Unfortunately, there isn’t. Whilst there is an over-abundance of press cuttings, reviews, posters and photographs, there is actually very little that is unusual or quirky relating to the creation of the play held in the Ayckbourn Archive.

Original manuscripts survive in archive for the world premiere of the trilogy before it was known as The Norman Conquests (that would only come with its London transfer), but the hand-written notes and early drafts so prevalent for his plays for this period are not archived. The reason? Alan thinks he gave his original handwritten drafts to the actor Michael Gambon as a gift for his role in the hugely successful London premiere of the play.

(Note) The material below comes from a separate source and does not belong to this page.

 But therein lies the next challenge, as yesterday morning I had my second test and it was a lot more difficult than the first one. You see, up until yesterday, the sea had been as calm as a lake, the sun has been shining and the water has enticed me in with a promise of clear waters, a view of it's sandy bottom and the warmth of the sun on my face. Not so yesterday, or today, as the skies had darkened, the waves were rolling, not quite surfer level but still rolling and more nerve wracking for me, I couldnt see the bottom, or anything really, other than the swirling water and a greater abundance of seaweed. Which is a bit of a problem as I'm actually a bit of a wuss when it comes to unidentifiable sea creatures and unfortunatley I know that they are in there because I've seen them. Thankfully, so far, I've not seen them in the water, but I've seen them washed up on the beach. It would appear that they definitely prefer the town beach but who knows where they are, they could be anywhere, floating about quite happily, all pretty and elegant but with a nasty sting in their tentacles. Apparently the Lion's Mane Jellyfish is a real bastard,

True or not, what would be a huge insight into Alan’s famed work is apparently lost.

So what do we have? As many Ayckbourn fans know, not only was the trilogy not known as The Norman Conquests during its world premiere run at the Library Theatre, Scarborough, but two of the plays had entirely different titles. Table Manners was Fancy Meeting You and Living Together was Make Yourself At Home. Here we have the original programme (actually just a double sided piece of card) for Fancy Meeting You. Note how although the play is not labeled as The Norman Conquests, it’s ‘tag-line’ is “A weekend view of the Norman Conquest.”

The original programme for Fancy Meeting You (Table Manners) © Scarborough Theatre Trust

It’s also intriguing as although the plays are best seen as a trilogy, the idea of seeing all three plays was not particularly promoted during this initial season at the Library Theatre; Alan’s programme note suggests the other plays will ‘complement’ the experience. The reason for this is the Library Theatre at this point was still a seasonal rep theatre running for just the summer season in Scarborough and incredibly reliant on the tourist trade. Alan did not like to assume that tourists spending a week in the town would necessarily want to spend three nights of that in the Library Theatre, hence a delicate path was walked which suggested the plays were independent of each other, but could also be seen as a trilogy. It obviously worked as contemporary reports indicate summer 1973 was the most successful summer the Library Theatre had ever had.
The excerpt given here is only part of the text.